Writing in a female voice, that of Eve Annette Trezevant Taggart of Spring
Hope, South Carolina, Savage goes back and forth in time, sounding one
moment like a young girl, the next like a disillusioned, sorrowful old
woman. Whatever her age, though, Eve is always trying to make sense of
her life, come to terms with it.
Although
Eve remembers fleeting moments of well-being as a child--they were usually
connected to her love of pictures, books and music (especially Wagner)--
her upbringing was anything but happy. To begin with, her parents were
mismatched: father a stolid, philistine shopkeeper; mother a woman with
a desperate, even tragic need to be an artist.
Her mothers failure to achieve success as a writer or poet destroyed
her in the end; I have become dust, she tells Eve, just before
being carted off to a mental institution.

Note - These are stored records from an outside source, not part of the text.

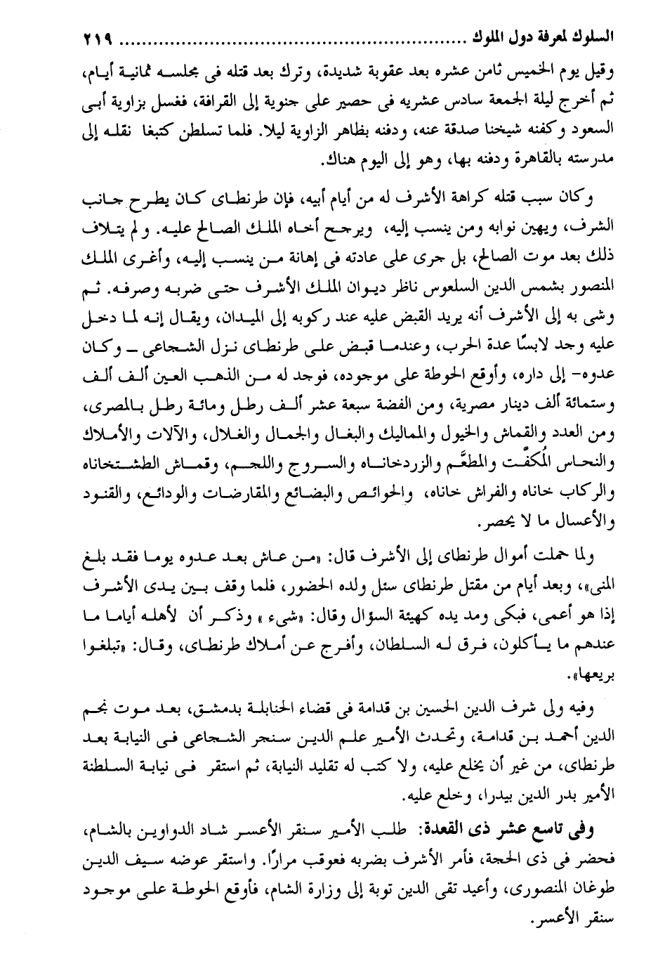 وَقيل يَوْم الْخَمِيس ثامن عشرَة بعد عُقُوبَة شَدِيدَة، وَترك بعد قَتله فِي قَتله فِي مَجْلِسه ثَمَانِيَة أَيَّام، ثمَّ أخرج لَيْلَة الْجُمُعَة سادس عشريه فِي حَصِير على جنوبة إِلَى الفراقة، فَغسل بزاوية أبي السُّعُود وكفنه شَيخنَا صَدَقَة عَنهُ، وَدَفنه بِظَاهِر الزاوية لَيْلًا. فَلَمَّا تسلطن كتبغا نَقله إِلَى مدرسته بِالْقَاهِرَةِ وَدَفنه بهَا، وَهُوَ إِلَى الْيَوْم هُنَاكَ. وَكَانَ سَبَب قَتله كَرَاهَة الْأَشْرَف لَهُ من أَيَّام أَبِيه، فَإِن طرنطاي كَانَ يطْرَح الشّرف، ويهين نوابه وَمن ينْسب غليه، ويرجح أَخَاهُ الْملك الصَّالح عَلَيْهِ. وَلم يتلاف ذَلِك بعد موت الصَّالح، بل جرى على عَادَته فِي إهانة من ينْسب غليه، وأغرى الْملك الْمَنْصُور بشمس الدّين السلعوس نَاظر ديوَان الْملك الْأَشْرَف حَتَّى ضربه وَصَرفه. ثمَّ وشى بِهِ إِلَى الْأَشْرَف أَنه يُرِيد الْقَبْض عَلَيْهِ عِنْد ركُوبه إِلَى الميدان، وَيُقَال إِنَّه لما دخل عَلَيْهِ وجد لابساً عدَّة الْحَرْب، وعندما قبض على طرنطاي نزل الشجاعي - وَكَانَ عدوه - إِلَى دَاره، وأوقع الحوطة على مَوْجُودَة، فَوجدَ لَهُ من الذَّهَب الْعين ألف ألف وسِتمِائَة ألف دِينَار مصرية، وَمن الْفضة سَبْعَة عشر ألف رَطْل وَمِائَة رَطْل بالمصري، وَمن الْعدَد والقماش والخيول والمماليك وَالْبِغَال وَالْجمال والغلال، والآلات والأملاك والنحاس المكفت والمطعم والزردخاناه والسروج واللجم، وقماتش الطشتخاناه والركاب خاناه والفراش خاناه، والحوائص والبضائع والمقاوضات والودائع، والقنود والأعسال مَا لَا يحضر. وَلما حملت أَمْوَال طرنطاي إِلَى الْأَشْرَف قَالَ: ((من عَاشَ بعد عدوه يَوْمًا فقد بلغ المنى)) ، وَبعد أَيَّام من مقتل طرنطاي سُئِلَ وَلَده الْحُضُور، فَلَمَّا وَقع بَين يَدي الْأَشْرَف إِذْ هُوَ أعمي، فَبكى وَمد يَده كَهَيئَةِ السُّؤَال وَقَالَ: ((شَيْء)) وَذكر أَن لأَهله أَيَّامًا مَا عِنْدهم مَا يَأْكُلُون، فرق لَهُ السُّلْطَان، وَأَفْرج عَن أَمْلَاك طرنطاي، وَقَالَ: ((تبلغوا بريعها)) . وَفِيه ولي وَشرف الدّين الْحُسَيْن بن قدامَة فِي قَضَاء الْحَنَابِلَة بِدِمَشْق، بعد موت نجم الدّين أَحْمد بن قدامَة، وتحدث الْأَمِير علم الدّين سنجر الشجاعي فِي النِّيَابَة بعد طرنطاي، من غير أَن يخلع عَلَيْهِ، وَلَا كتب لَهُ تَقْلِيد النِّيَابَة، ثمَّ اسْتَقر فِي نِيَابَة السلطنة الْأَمِير بدر الدّين بيدرا، وخلع عَلَيْهِ. وَفِي تَاسِع عشر ذِي الْقعدَة: طلب الْأَمِير سنقر الأعسر شاد الدواوينك بِالشَّام، فَحَضَرَ فِي ذِي الْحجَّة، فَأمر الْأَشْرَف بضربه فَعُوقِبَ مرَارًا. وَاسْتقر عوضه سيف الدّين طوغان المنصوري، وأعيد تَقِيّ الدّين تَوْبَة إِلَى وزارة الشَّام، فأوقع الحوطة على مَوْجُود سنقر الأعسر.
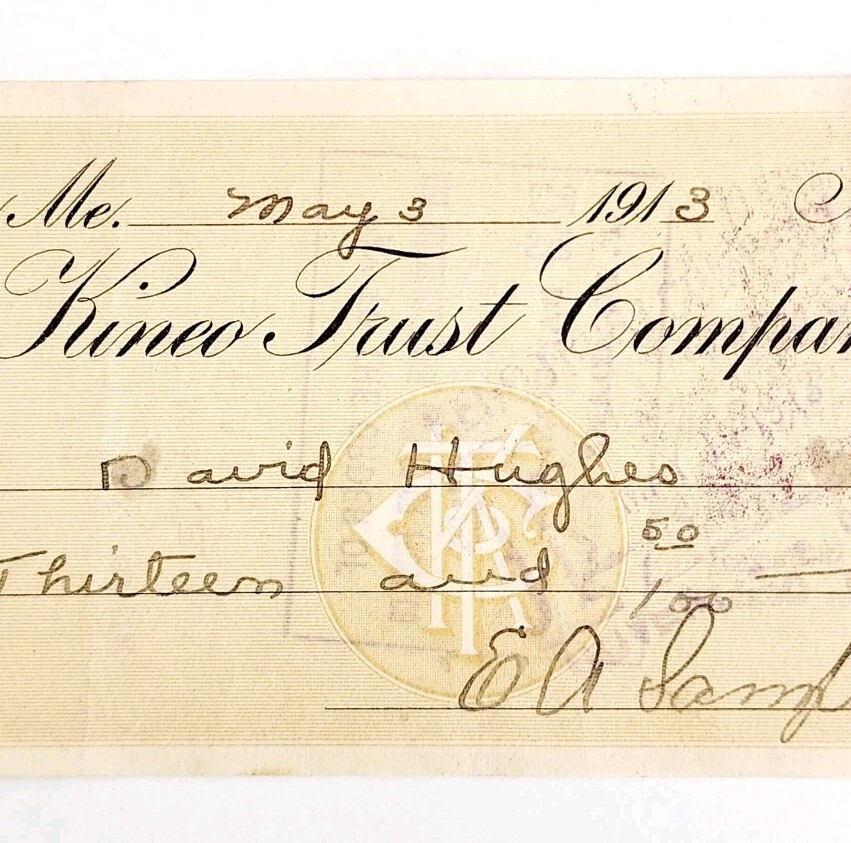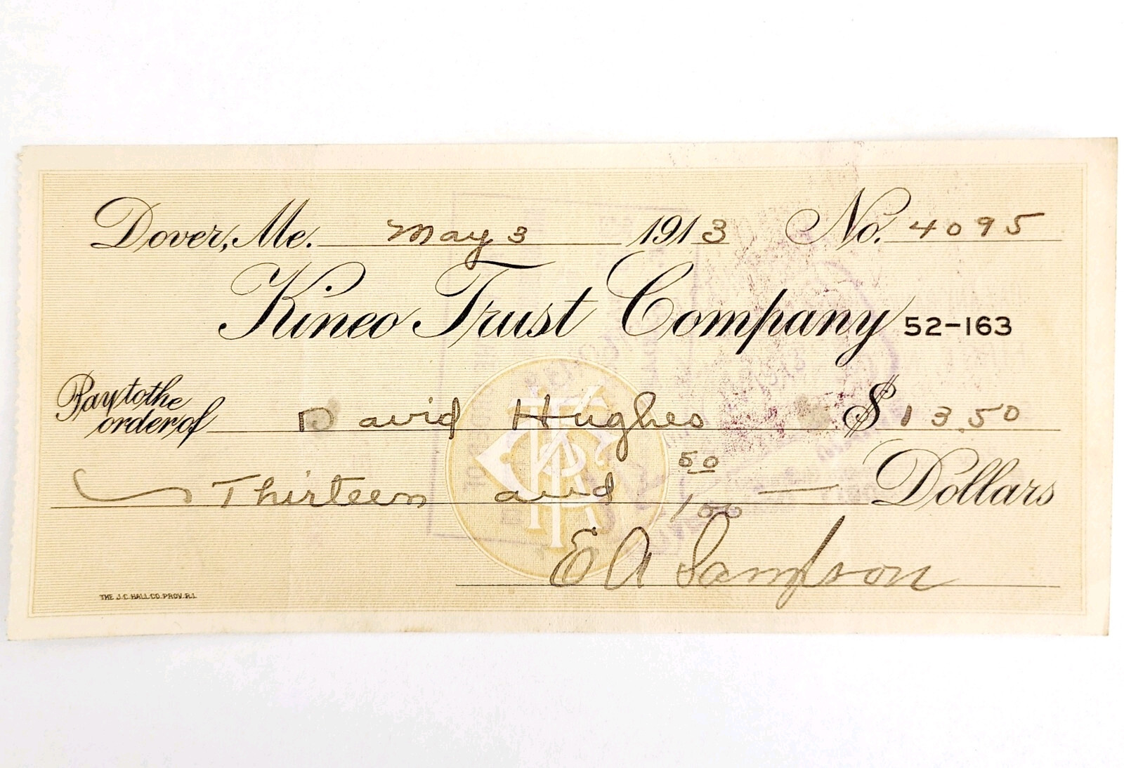 1913 Kineo Trust Company Bank Check E.A. Sampson Dover Maine Signed 4095 CHX5
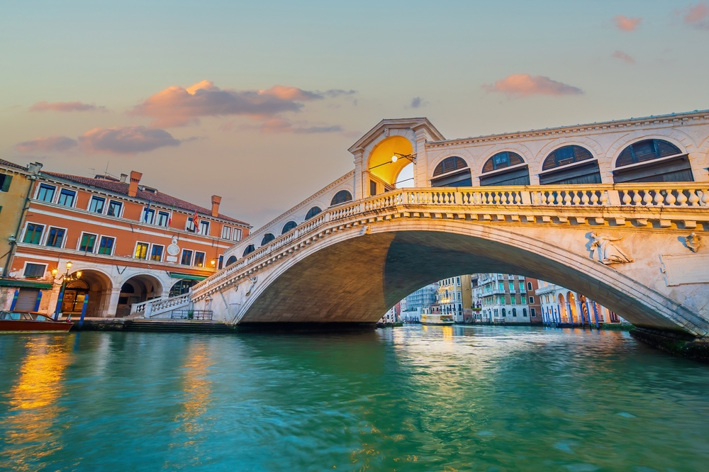 The Rialto Bridge, completed in 1591, is one of the most iconic landmarks in Venice, Italy. Spanning the Grand Canal, the bridge was initially designed by Antonio da Ponte and has since become a symbol of the city’s architectural beauty. It is built from stone and features a single, wide arch that provides access between the districts of San Marco and San Polo. The Rialto Bridge has served as a major crossing point for Venetians and tourists alike for centuries, connecting the bustling markets and shops on either side of the Grand Canal.
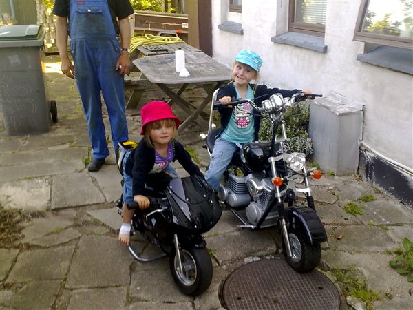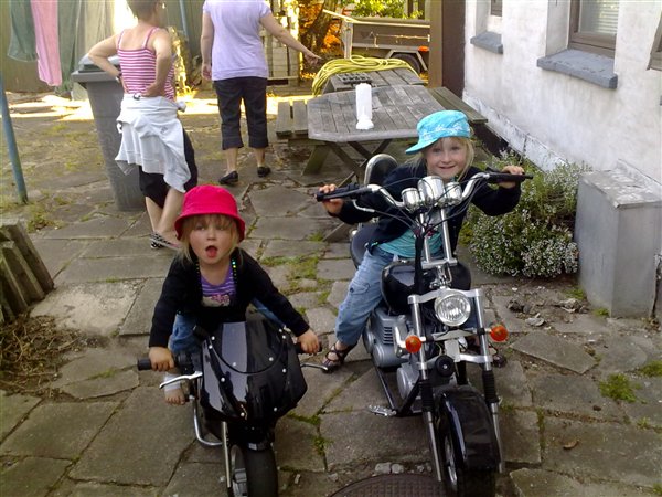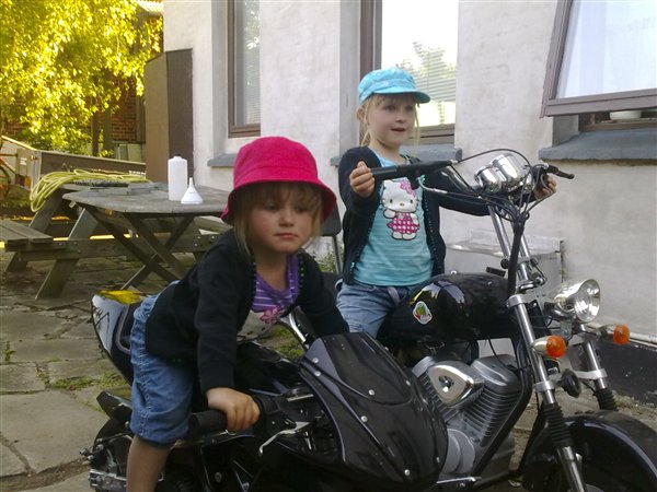 Ha ha LOL, det var da et fantastisk biker-chick billede. Det bliver da ikke nemt at holde banditterne fra døren når de bliver større.

Eve herself also tries and fails to become an artist, but unlike her mother
she has the strength and resilience to keep from cracking up. And she
is also able to channel her thwarted ambitions into the writing of this
novel, which she likens to the opening of the drawers in a family cupboard
and discovering linen that had never been used and that fell apart
in our hands when
we took it out later, like the past, it occurs to me now, locked away
in all the little drawers, opening them now and finding it has crumbled
away.
(Coffee House Press, $12.95 ppbk; coffeehousepress.org)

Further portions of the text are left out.